Strength in Numbers, What makes SSDs Fast

Given the way a single NAND-flash IC is organized one thing should come to mind: parallelism.

Fundamentally the flash that’s used in SSDs cut from the same cloth as the flash that’s used in USB drives. And if you’ve ever used a USB flash drive you know that those things aren’t all that fast. Peak performance to a single NAND-flash IC is going to be somewhere in the 5 - 40MB/s range. You get the faster transfer rates by reading/writing in parallel to multiple die in the same package.

The real performance comes from accessing multiple NAND ICs concurrently. If each device can give you 20MB/s of bandwidth and you’ve got 10 devices you can access at the same time, that’s 200MB/s of bandwidth. While hard drives like reads/writes to be at the same place on the drive, SSDs don’t mind; some are even architected to prefer that data be spread out all over the drive so it can hit as many flash devices as possible in tandem. Most drives these days have 4 - 10 channel controllers.

The Recap

I told you I’d mention this again because it’s hugely important, so here it is:

A single NAND flash die is subdivided into blocks. The typical case these days is that each block is 512KB in size. Each block is further subdivided into pages, with the typical page size these days being 4KB.

Now you can read and write to individual pages, so long as they are empty.
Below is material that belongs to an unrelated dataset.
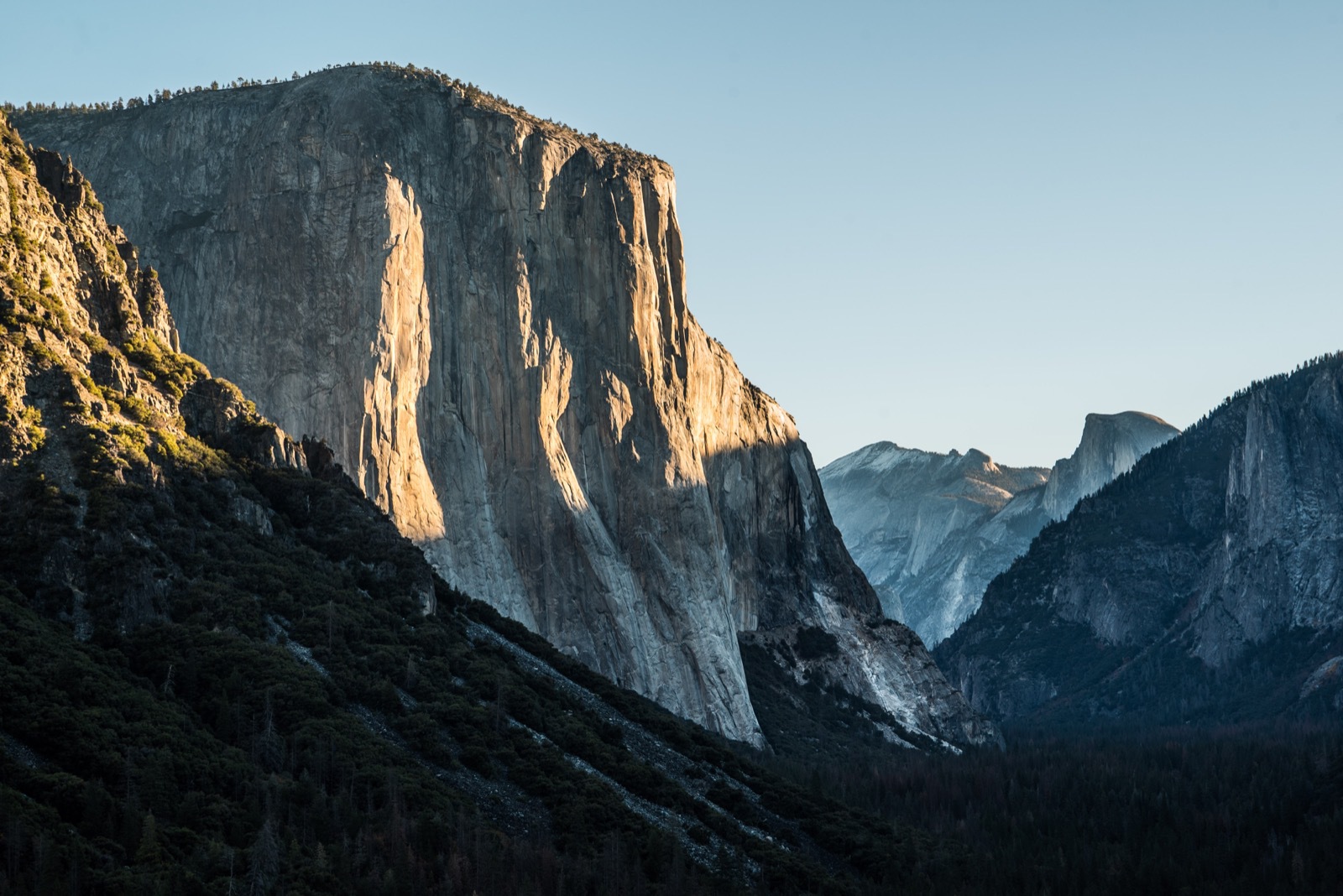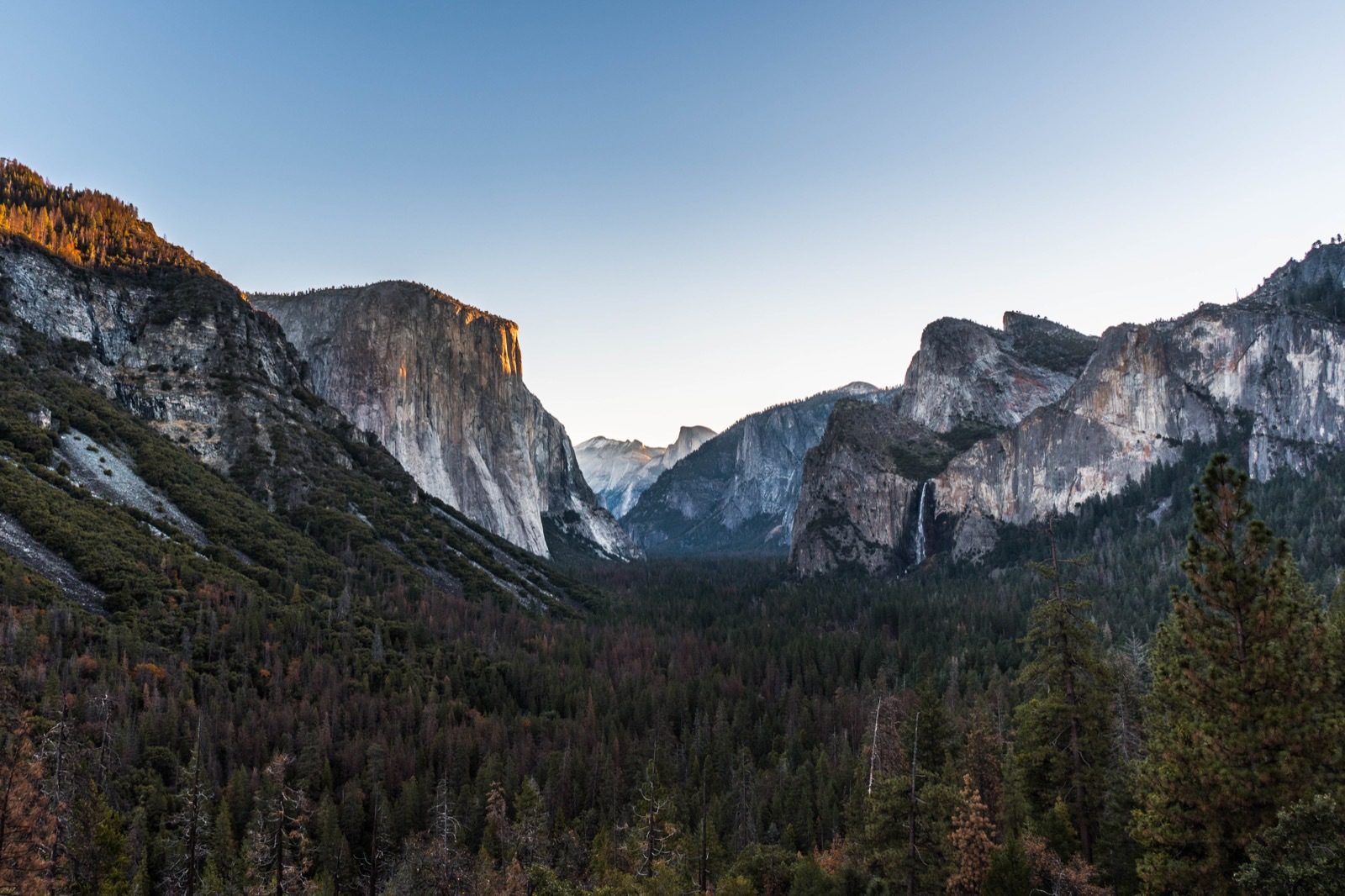 第二天一早,凌晨5点出发,前往优胜美地 Tunnel View 拍日出。无云,天空很通透,其实这种天气并不适合拍风光,少了点层次。

However once a page has been written, it can’t be overwritten, it must be erased first before you can write to it again. And therein lies the problem, the smallest structure you can erase in a NAND flash device today is a block. Once more, you can read/write 4KB at a time, but you can only erase 512KB at a time.

It gets worse. Every time you erase a block, you reduce the lifespan of the flash. Standard MLC NAND flash can only be erased 10,000 times before it goes bad and stops storing data.

Based on what I’ve just told you there are two things you don’t want to do when writing to flash: 1) you don’t want to overwrite data, and 2) you don’t want to erase data. If flash were used as a replacement for DVD-Rs then we wouldn’t have a problem, but it’s being used as a replacement for conventional HDDs. Who thought that would be a good idea?

It turns out that the benefits are more than worth the inconvenience of dealing with these pesky rules; so we work around them.

Most people don’t fill up their drives, so SSD controller makers get around the problem by writing to every page on the drive before ever erasing a single block.

If you go about using all available pages to write to and never erasing anything from the drive, you’ll eventually run out of available pages. I’m sure there’s a fossil fuel analogy somewhere in there. While your drive won’t technically be full (you may have been diligently deleting files along the way and only using a fraction of your drive’s capacity), eventually every single block on your drive will be full of both valid and invalid pages.

In other words, even if you’re using only 60% of your drive, chances are that 100% of your drive will get written to simply by day to day creation/deletion of files.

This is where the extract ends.